IPFS, Veilid, Content-Addressed Storage

IPFS, Veilid, and similar systems are fundamentally about providing and retrieving content-addressed data. You give the system a hash, and it answers with the original data. Ingesting data into the system requires no information but the data itself. Willow, on the other hand, employs explicit naming of data. Rather than ingesting data into a system, you bind data to a freely chosen name. Retrieving data consists of supplying a name and receiving the value that was most recently bound to that name.

Pure content-addressing faces a bootstrapping problem: in order to actively distribute data to others, I must first inform them about the hash of that data. Doing so via the system itself requires me to send the hash of the hash first, and so on. For every new piece of data, I must eventually leave the system and transmit a new hash out-of-band. Willow functions differently: after agreeing on an initial name, I can continuously bind new data to the name, which automatically reaches those interested.

Furthermore, Willow's names are meaningful and hierarchical. Hashing individual moves of an unfolding chess match yields completely unrelated hashes. In Willow, I can assign related names (Paths) to the moves: chessme_vs_alexmove1, chessme_vs_alexmove2, et cetera. The synchronisation API makes use of the hierarchy; I can requests all moves in this game (names starting with chessme_vs_alex), or all chess games in total (names starting with chess).

This example showcases another difference: names are chosen by someone in a specific context. My names need not make sense to Alex in KentuckySorry, Alex!. Willow does not aim for a globally meaningful data pool, but for organising data in a way that is meaningful to certain groups of people. Hashes, in contrast, are universal. With IPFS you query “the system” for data, with Willow you query peers with whom you share some context.

Content-addressed data excels at immutability, statelessness, and global connectivity. Willow embraces mutability and statefulness, locality, and structure. Just like functional and imperative programming, there is a place for both. As the landscape of modern peer-to-peer applications matures, we expect content-addressed systems and Willow to complement each other. Lauding either as universally superior misses the point.

Scuttlebutt, Hypercore, Append-Only Logs

Secure Scuttlebutt, Hypercore, and similar systems arrange data into linked hash chains, and identify these lists (“logs”) via the public keys of a digital signature schemeIn principle, you can also design a log-based system to use capabilities instead of public keys. As of writing, there exists no popular such system, however.. Subscribing to a log amounts to requesting data without knowing the hash of that data, possibly even data that does not yet exist at the time of subscription. This elegantly tackles the bootstrapping problem faced by purely content-addressed systems.

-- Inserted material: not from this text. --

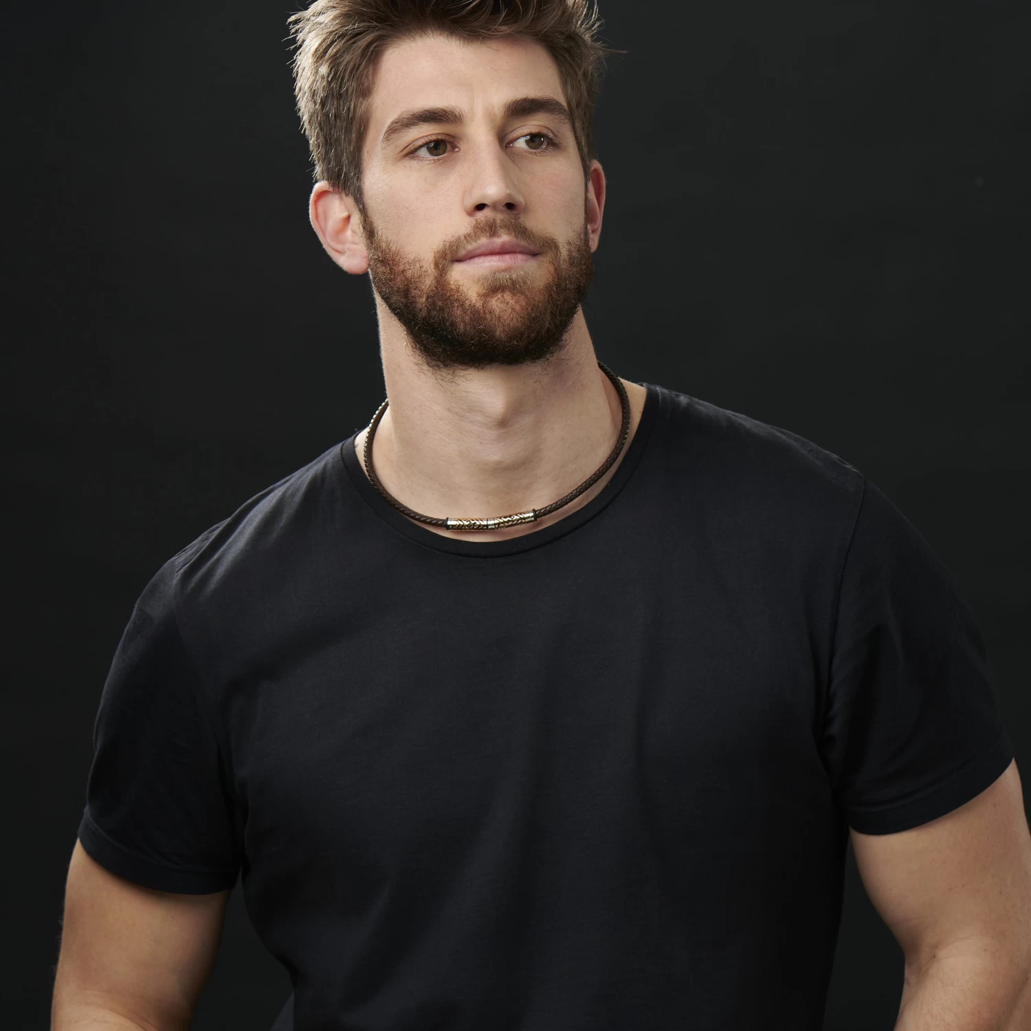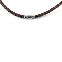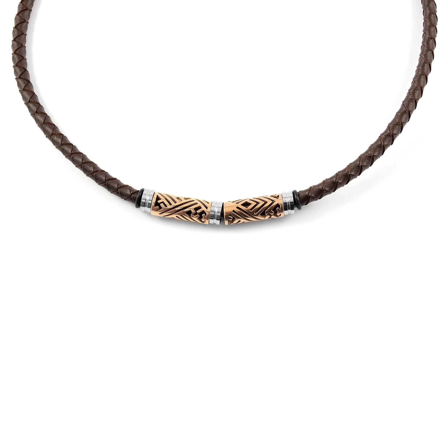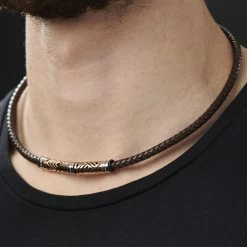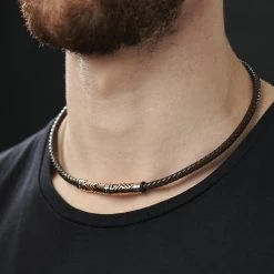 Made from braided brown leather, this stunning men’s necklace features beautiful gold-toned beads with funky geometric cutouts. Finished with a secure magnetic rotation lock.
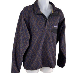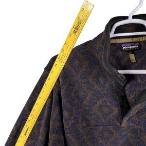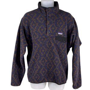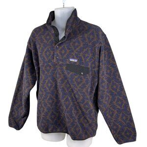 Patagonia fleece vintage pullover Synchilla jacket cold weather wear geometric pattern snap closure warm outerwear men's jacket blue and brown fleece pullover winter clothing stylish fleece adventure wear

Data replication is more efficient and significantly more simple than for Willow: for each log, peers simply exchange the number of entries they have in that log, and whoever sent a greater number then transmits all entries the other peer is missing.

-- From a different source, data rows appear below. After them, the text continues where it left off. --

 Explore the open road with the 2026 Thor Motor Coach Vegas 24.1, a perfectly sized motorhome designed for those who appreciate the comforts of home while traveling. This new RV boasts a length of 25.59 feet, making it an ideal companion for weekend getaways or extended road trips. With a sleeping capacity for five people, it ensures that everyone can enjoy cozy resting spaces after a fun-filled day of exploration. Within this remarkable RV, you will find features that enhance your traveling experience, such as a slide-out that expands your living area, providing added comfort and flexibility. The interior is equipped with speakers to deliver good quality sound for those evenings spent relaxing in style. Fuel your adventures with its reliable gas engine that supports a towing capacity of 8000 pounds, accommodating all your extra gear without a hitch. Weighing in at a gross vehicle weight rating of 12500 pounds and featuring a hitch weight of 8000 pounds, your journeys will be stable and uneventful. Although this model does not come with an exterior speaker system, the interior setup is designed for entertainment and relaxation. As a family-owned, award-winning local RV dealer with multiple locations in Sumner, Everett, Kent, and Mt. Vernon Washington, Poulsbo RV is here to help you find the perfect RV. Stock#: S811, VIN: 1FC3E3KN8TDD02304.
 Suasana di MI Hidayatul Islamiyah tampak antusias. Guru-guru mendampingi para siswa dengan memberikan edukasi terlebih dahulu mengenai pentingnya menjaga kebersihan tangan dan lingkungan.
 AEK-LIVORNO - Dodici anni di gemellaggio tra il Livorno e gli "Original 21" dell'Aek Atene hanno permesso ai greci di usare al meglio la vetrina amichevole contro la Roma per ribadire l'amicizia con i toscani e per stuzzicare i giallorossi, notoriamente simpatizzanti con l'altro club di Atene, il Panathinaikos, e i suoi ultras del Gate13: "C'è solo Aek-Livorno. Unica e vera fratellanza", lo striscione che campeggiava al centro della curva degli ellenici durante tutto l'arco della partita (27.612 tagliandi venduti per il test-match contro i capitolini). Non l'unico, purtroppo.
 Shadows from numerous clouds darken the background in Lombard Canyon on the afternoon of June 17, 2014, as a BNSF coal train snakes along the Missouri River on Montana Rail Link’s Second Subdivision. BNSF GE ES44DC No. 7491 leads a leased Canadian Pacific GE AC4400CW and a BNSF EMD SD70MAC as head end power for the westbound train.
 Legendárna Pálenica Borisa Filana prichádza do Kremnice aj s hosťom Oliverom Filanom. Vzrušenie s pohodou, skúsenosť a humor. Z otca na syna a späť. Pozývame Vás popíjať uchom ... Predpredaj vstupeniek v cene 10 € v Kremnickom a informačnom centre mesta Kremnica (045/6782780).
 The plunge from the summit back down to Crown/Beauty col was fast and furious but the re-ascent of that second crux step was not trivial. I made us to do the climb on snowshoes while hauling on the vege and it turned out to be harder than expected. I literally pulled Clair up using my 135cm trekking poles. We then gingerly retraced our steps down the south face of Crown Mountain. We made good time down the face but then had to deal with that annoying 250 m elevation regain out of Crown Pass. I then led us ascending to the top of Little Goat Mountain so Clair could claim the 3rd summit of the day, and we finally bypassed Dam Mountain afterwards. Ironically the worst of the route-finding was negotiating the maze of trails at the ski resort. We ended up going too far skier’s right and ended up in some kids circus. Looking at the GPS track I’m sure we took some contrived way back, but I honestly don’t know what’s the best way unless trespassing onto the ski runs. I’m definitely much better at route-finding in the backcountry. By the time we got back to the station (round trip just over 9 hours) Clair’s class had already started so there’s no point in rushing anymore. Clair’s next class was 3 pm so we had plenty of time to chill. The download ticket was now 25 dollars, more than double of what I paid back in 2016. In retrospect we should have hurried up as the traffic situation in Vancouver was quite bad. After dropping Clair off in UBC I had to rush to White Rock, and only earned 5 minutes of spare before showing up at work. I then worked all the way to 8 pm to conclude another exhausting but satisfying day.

A hash chain of data cryptographically authenticates that authors never produce22Or, more precisely, it ensures that such misbehavior can be detected efficiently and arbitrarily long after the fact. differing extensions of the same log. In itself, this can be a laudable feature, but it precludes the option of concurrent writes from multiple devices. With 3d range-based set reconciliation, Willow can achieve efficient data synchronisation without the need to restrict updates to a linear sequence. We do not need to enforce linearity to keep sync complexity manageable, so we opt for effortless multi-writer support instead.

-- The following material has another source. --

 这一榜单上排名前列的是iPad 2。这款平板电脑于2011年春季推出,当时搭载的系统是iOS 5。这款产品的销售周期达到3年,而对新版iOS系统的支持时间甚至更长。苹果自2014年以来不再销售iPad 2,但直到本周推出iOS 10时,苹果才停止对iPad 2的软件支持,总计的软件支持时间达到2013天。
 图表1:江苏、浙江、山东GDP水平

The need to verify the hash chain also makes it difficult to edit or delete (meta-) data. This can be a boon for some use-cases, but also quite dangerous when employed carelessly. Furthermore, data storage may be cheap33As of writing, that is., but designing systems for unbounded growth tends to backfire sooner or later. Willow deliberately avoids any cryptographic proofs of completeness, allowing for traceless data removal when the need arises.

Nostr

Nostr appears to be quite similar to Willow at a cursory glance. Willow peers store and exchange sets of Entries, Nostr peers store and exchange sets of events. Every Entry has a timestamp, every event has a created_at time. Every Entry belongs to a single subspace, every event belongs to a single pubkey. Willow organises Entries by their paths, Nostr organises events by their tags.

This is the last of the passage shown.